The war in Ukraine is leading to high commodity prices, adding to supply disruptions, increasing food insecurity and poverty, exacerbating inflation, contributing to tighter financial conditions, magnifying financial vulnerability, and heightening policy uncertainty.

The report also indicated a rebound is not expected in 2023, with a forecast of 3% global growth in 2023 – mainly because factors including high commodity prices and continued monetary tightening—are expected to persist.

Moreover, the outlook is subject to various downside risks, including intensifying geopolitical tensions, growing stagflation headwinds, rising financial instability, continuing supply strains, and worsening food insecurity (World Bank).

Regional outlook

EMDEs

Growth in emerging market and developing economies (EMDEs) this year has been downgraded to 3.4%, down from 6.6%, as negative spillovers from the invasion of Ukraine more than offset any near-term boost to some commodity exporters from higher energy prices. This is 1.4% lower than the average recorded growth between 2011 and 2019.

Europe and Central Asia

The adverse spillovers from the war will be most severe for Europe and Central Asia, where output is forecast to sharply contract this year. Countries in this region are highly reliant on Russia for energy needs. The war adversely disrupted the global supply chain for both energy and wheat, leading to inflation in fuel and food prices in this region.

The Middle East and North Africa

In this region, the benefits of higher energy prices for energy exporters are expected to outweigh those prices’ negative impacts on other economies in the region.
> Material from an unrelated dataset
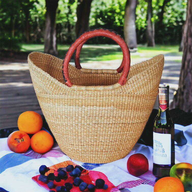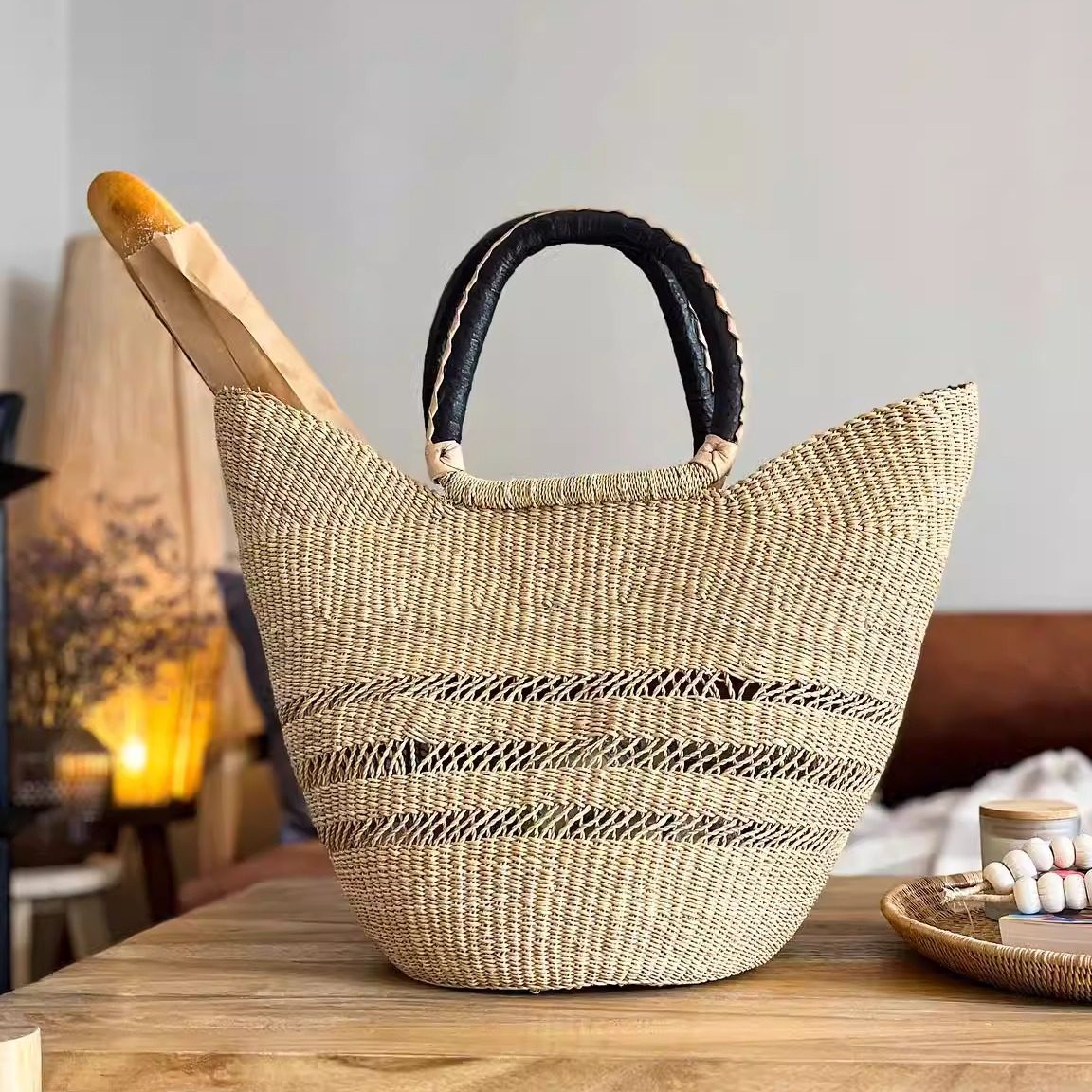 📚 Roomology加纳进口手工编织篮托特包草编购物篮收纳果篮女士手包

However, Risks for all EMDE regions are tilted to the downside and include intensifying geopolitical tensions, rising inflation, and food shortages, financial stress and rising borrowing costs, renewed outbreaks of COVID-19, and disruptions from disasters.

Advanced economies

Growth in advanced economies is projected to sharply decelerate from 5.1 percent in 2021 to 2.6 percent in 2022—1.2 percentage points below projections in January. Growth is expected to further moderate to 2.2 percent in 2023, largely reflecting the further unwinding of the fiscal and monetary policy support provided during the pandemic.
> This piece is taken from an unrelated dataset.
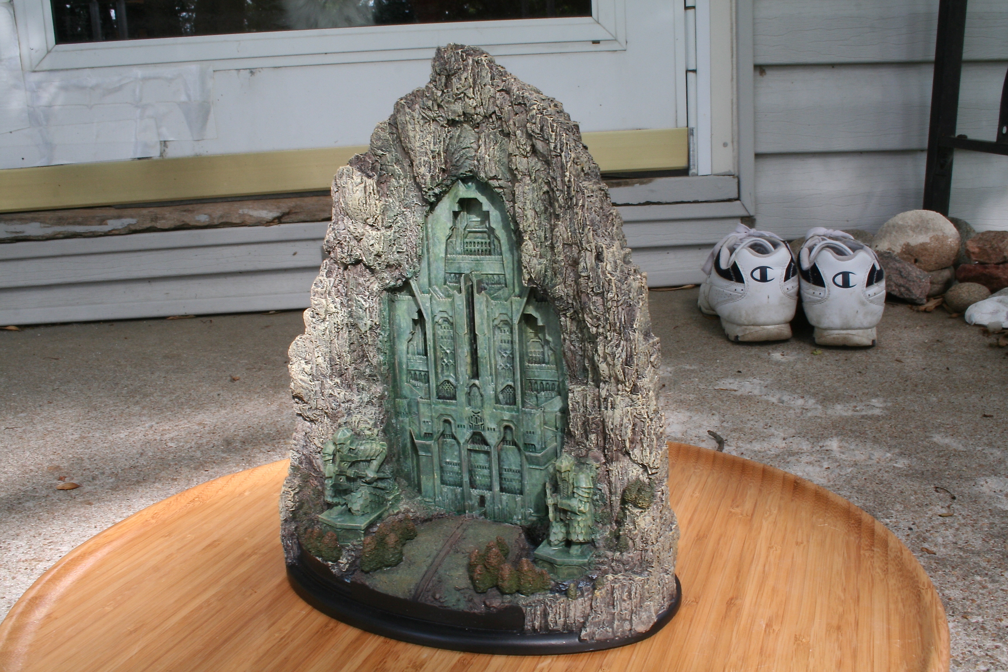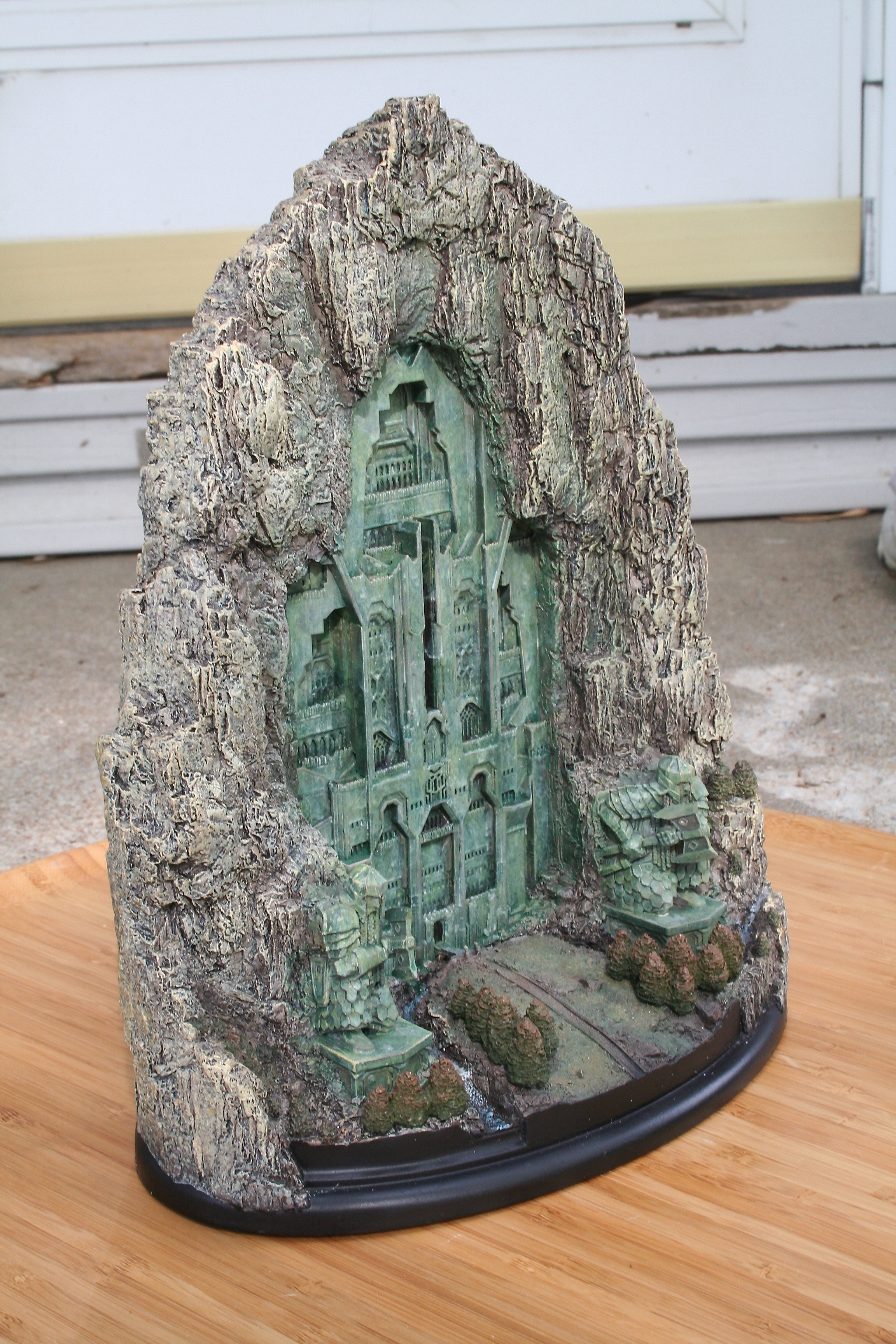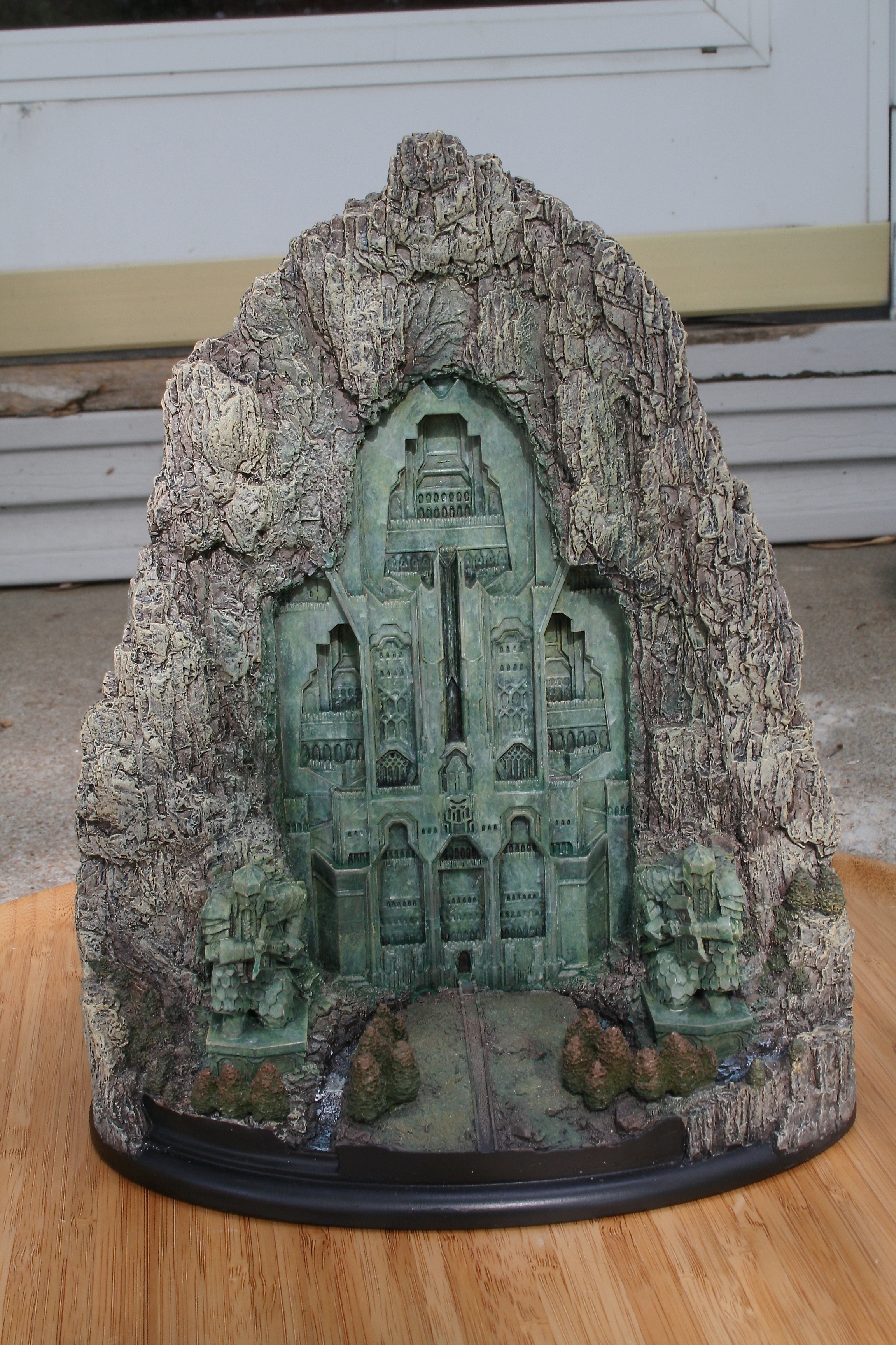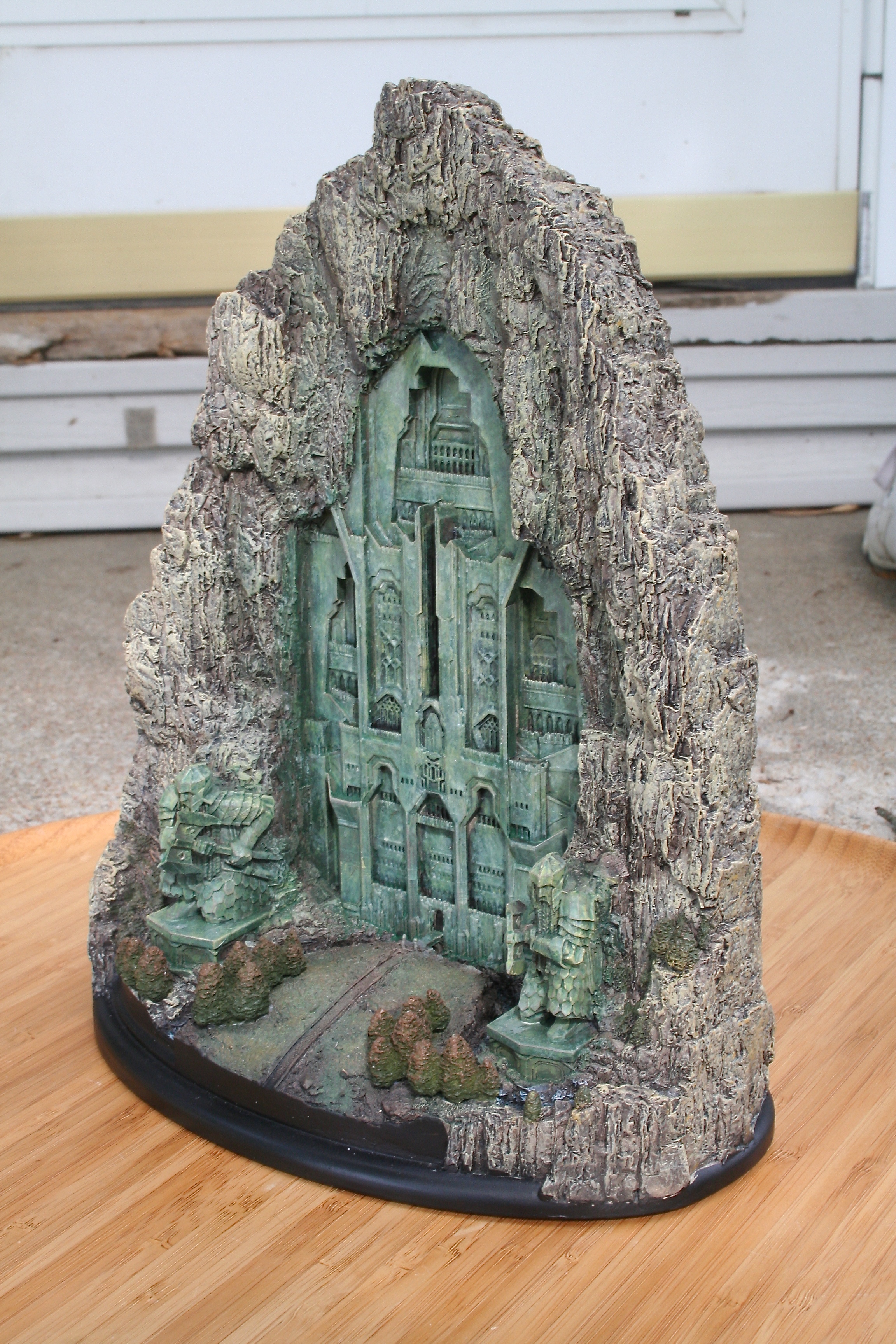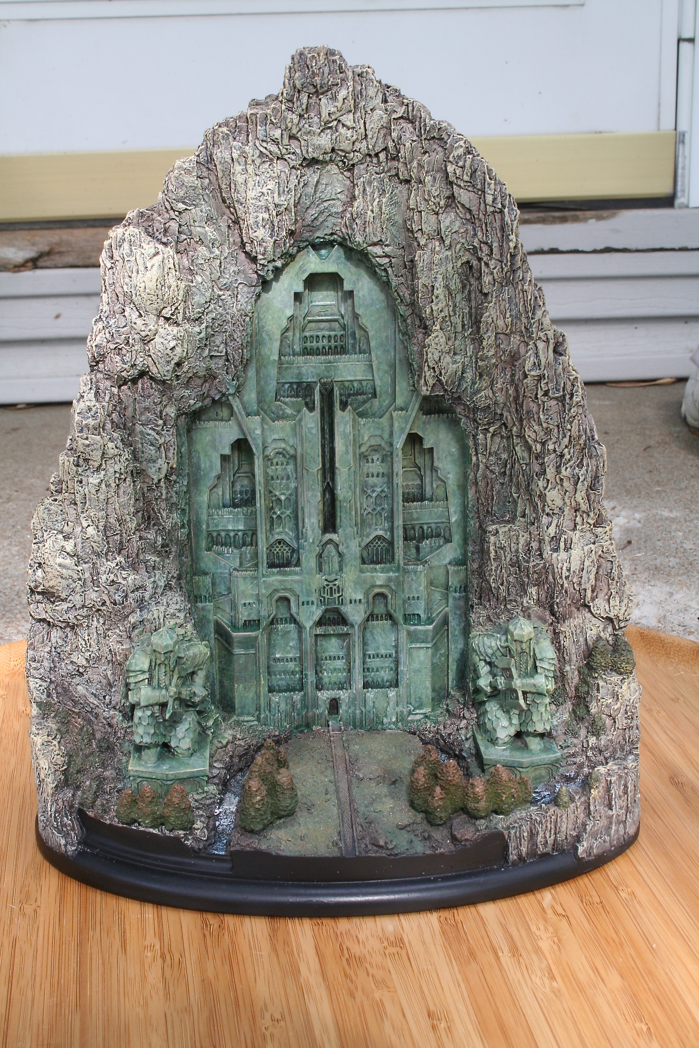 We’ve got another video review for you today, of the one environment I’ve been waiting to get my hands on since I saw The Hobbit: An Unexpected Journey in theaters. One of my favorite things about this particular environment was the front part of it that you could see standing outside the mountain, with that great Dwarven design, as well as those amazing Dwarven Guards. Finally, after a long wait we can now add at least this part of Erebor – with hopefully more to come, with something similar to the Moria Environment from The Lord of the Rings statue line. The Front Gate of Erebor comes in at $199 as well as being an open edition, so if you need to save a little you have some time. The size of this environment comes in at 10.6″ tall x 8.9″ wide x 5.7″ deep and weighs 6.9lbs.

What does the World Bank advice moving forward?

The World Bank in its report highlights the urgent need for decisive policy action globally and nationally. This will involve global efforts to limit the harm to those affected by the war, cushion the blow from surging oil and food prices, speed up debt relief, and expand vaccinations in low-income countries. It will also involve vigorous supply responses at the national level while keeping global commodity markets functioning well.

Policymakers are further advised to refrain from policies that could worsen the increasing commodity prices. These policies include price controls, subsidies, and the banning of exports. Governments will also need to reprioritize spending toward targeted relief for vulnerable populations while being careful of the current economic conditions.